To simulate the file names we generate a series of recordings at each site. 
Here the schedule is every 30 minutes between 5:30 and 8:00 AM every second 
day between 1 May and 10 July. 

Normally you would want to schedule based around local sunrise if targeting the 
dawn chorus, but this will work for our purposes.

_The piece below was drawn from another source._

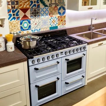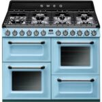 Le Piano de cuisson gaz SMEG TR4110AZ se distingue par son esthétique Victoria, offrant un design rétro Bleu Azur qui apporte une touche d’élégance à toute cuisine. Doté d’un plan de cuisson gaz avec 7 foyers, dont un ultra-rapide double commande de 4200W, ce piano de cuisson est parfait pour les chefs exigeants. Les cavités du four principal et secondaire, toutes deux classées A en efficacité énergétique, proposent une chaleur tournante et une chaleur brassée respectivement, assurant une cuisson homogène et économique. Avec des fonctions de nettoyage VaporClean, l’entretien devient un jeu d’enfant, tandis que les multiples programmes et fonctions de cuisson traditionnelle répondent à tous les besoins culinaires.

```{r, code_folding = 'hide'}
library(dplyr)
library(stringr)
library(lubridate)

simple_deploy <-
  tidyr::expand_grid(
    site_id = unique(example_sites$Sites),
    doy = seq(121, 191, by = 2),
    times = seq(-30, 120, by = 30)
  ) |>
  tidyr::separate(site_id, into = c("plot", "site"), sep = "_", remove = F) |>
  left_join(example_sites, join_by(site_id == Sites)) |>
  mutate(
    # aru_id = glue::glue("BARLT-000{as.numeric(as.factor(site_id))}"),
    date = ymd("2028-01-01") + doy,
    date_time = ymd_hm(glue::glue("{date} 06:00")) + minutes(times),
    date_time_chr = str_replace(as.character(date_time), "\\s", "T"),
    file_name = glue::glue("{plot}/{site_id}/{ARU}_{date_time_chr}.wav")
  )

simple_deploy
```

Our site info will be that used in `example_sites`.

```{r}
site_info <- simple_deploy |>
  slice_min(order_by = date_time, n = 1, by = site_id) |>
  dplyr::select(site_id, ARU, lon, lat, date_time)
```

</details>

## Clean metadata

To clean the metadata we can use the same code found in the [Getting Started](https://arutools.github.io/ARUtools/articles/ARUtools.html) vignette. 
I have used a pipe to save space here, but you can see the details in the linked
article (`vignette("ARUtools")`).

```{r}
sites <- clean_site_index(site_info,
  name_aru_id = "ARU",
  name_site_id = "site_id",
  name_date_time = c("date_time"),
  name_coords = c("lon", "lat")
)
metadata <- clean_metadata(project_files = simple_deploy$file_name) |>
  add_sites(sites) |>
  calc_sun() |>
  dplyr::mutate(doy = lubridate::yday(date))
dplyr::glimpse(metadata)
```
## Parameters

Generally for random sampling you may not want to have recordings selected with
equal weight across time and dates. For example if you are sampling songbirds in 
the breeding season, most species will be most active for a couple hours from
around sunrise. You will also want to limit the dates to ensure you are picking 
up breeding birds and not migrants.

To deal with this issue we allow the user to specify selection weights based on
the time to sunrise (or sunset) as well as the day of year. 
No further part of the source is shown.